Sunday 8 March 2009

Saturday, 7 March 2009, South Coast

Went to the South Coast today with David Campbell. Our target birds were the great grey shrike in the New Forest, the purple sandpipers at Southsea Castle, the red-breasted goose at West Wittering and the white-fronted goose at Tundry pond.

After a 1 hour 45 min circular walk there was no sign of the shrike! We did, however, see a nice pair of Dartford warblers, a pair of grey wagtails and a lovely male hen harrier. The harrier landed, which gave me a chance to get my camera out. I switched on and pressed the shutter. Nothing happened! I'd taken the battery out last night to charge and it was still on the charger at home! I did have spares in the car - half a mile away!

On to Southsea Castle in Portsmouth where we had better luck. We instantly found the six purple sandpipers on the shore at low tide. This bird was a lifer for me and for David, so we spent some time observing and photographing them. They were quite tame and allowed us to get to within a few metres.

Purple sandpiper, Southsea Castle.

After lunch at the local tea rooms and seeing a goldcrest, we pressed on to West Wittering for the red-breasted goose. We were again lucky. We found the goose very quickly amongst the 1,000 or so Brent geese and it was fairly near the front of the mass so it was possible to see it largely unobstructed by the brents. Another lifer for me.

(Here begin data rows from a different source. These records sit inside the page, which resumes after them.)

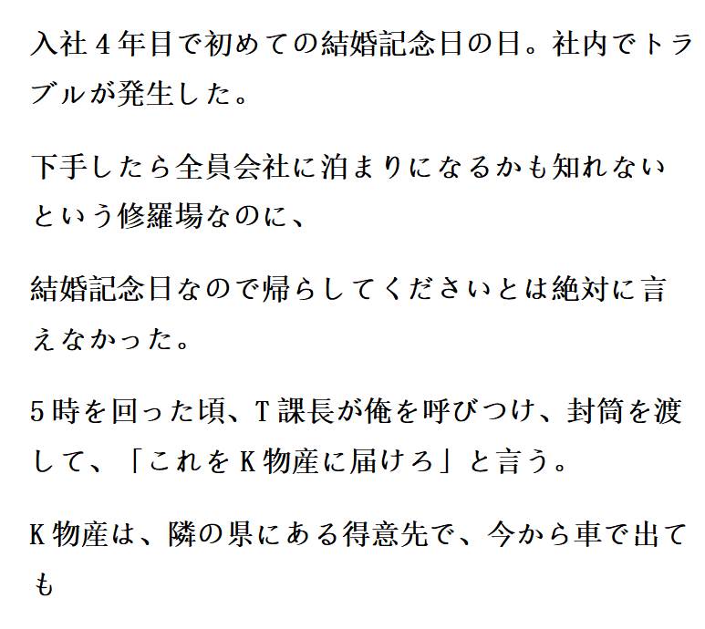 社内でトラブルが発生、しかしその日は初めての結婚記念日だった。上司に呼び出されて受けた指示が…
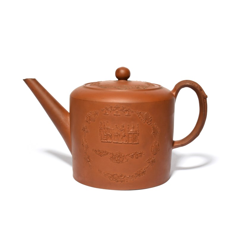 A large Staffordshire redware teapot or punch pot and cover, c.1760, the cylindrical form sprigged with figures at various pursuits with birds and objects, between formal foliate and trellis designs, some chipping to the edge of the cover and spout, 7.5cm across. (2)
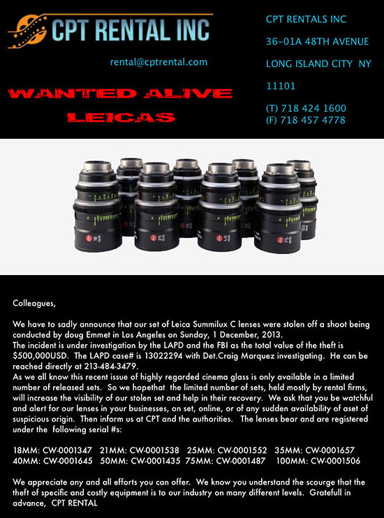 $500,000 worth of Leica Summilux C cinema lenses were stolen from a movie set in Los Angeles. Here are the lens serial numbers:

Red-breasted goose, W. Wittering.
At one point it took flight, did a circuit, and landed much further back. I was not so quick to get some flight shots and it was already quite a way away before I got focus lock on it.

Red-breasted goose in flight.
We noticed that there were no reports of the white-fronted geese that day so we decided to try for the ring-necked duck I had seen at Bordon in January. We arrived at the gravel pits but I wasn't sure of the way. We strayed from the public footpath and the quarry owner (no less) chased us in his tractor to tell us off. Our apology was, thankfully, accepted and he then directed us to the pits where the duck might be. It was there, albeit rather distant. After a few minutes we walked back to the car and came home. I had four year ticks (total 131, or 132 including a barnacle goose) and two lifers.
Ring-necked duck.


  1. Hiya - were you the kind photographer/birder at Holmethorpe Sandpits on Sunday 8 March?

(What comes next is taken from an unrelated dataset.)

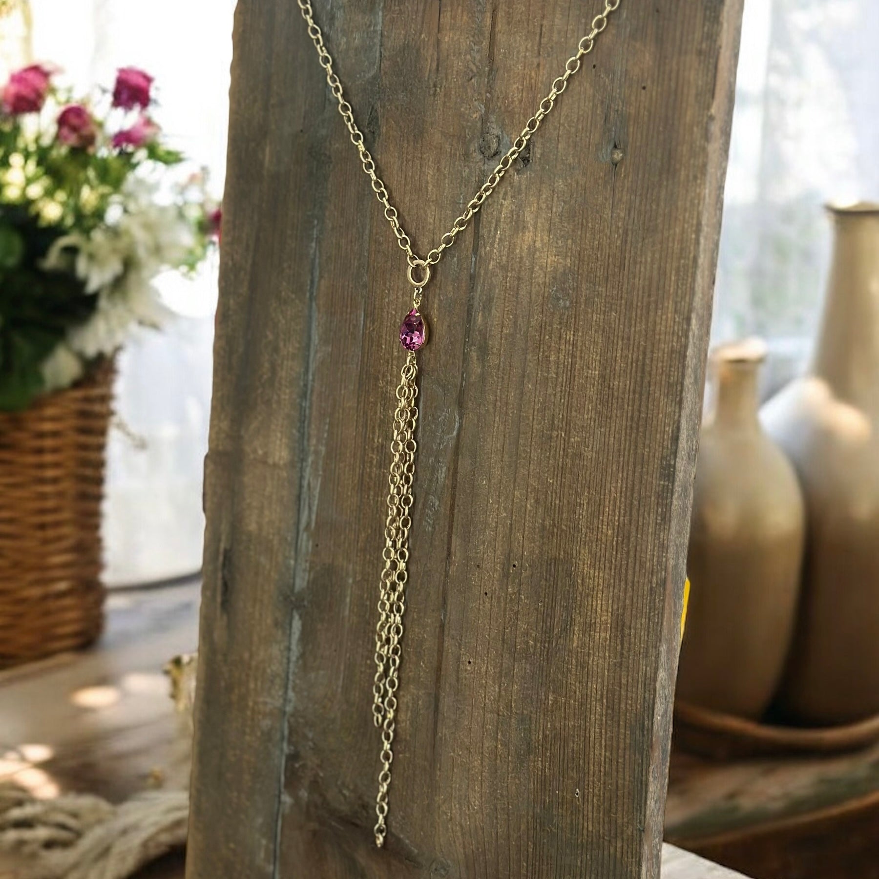Elevate your style with our Fringed Chain Crystal Necklace! This stunning gold necklace boasts a delicate fringe chain that catches the light, adorned with brilliant Austrian crystals. Add a touch of elegance to any outfit and make a statement wherever you go. Perfect for any occasion!

  2. Some great sightings there; and what bad luck with the Hen Harrier.

  3. Hi, Tricia, Yes, that was me. I hope that wasn't bad for you in the sense that you'll want to get one of those lenses now! Looked at your blog and your photos are good. Keep at it. Regards, Phil.

  4. Holdingmoments, thanks for your visit and your comments. Yes, it was one those moments with the Hen Harrier when you want to kick yourself. Ah, well. That's life.
    Regards, Phil.

  5. Hi Phil - no it wasn't bad; it was terrible Lol - I'd really love one but I know it would be too heavy to carry about. I can't go for a walk without the camera so.....

  6. Good stuff Phil. Thanks for taking me it was a brill day. David.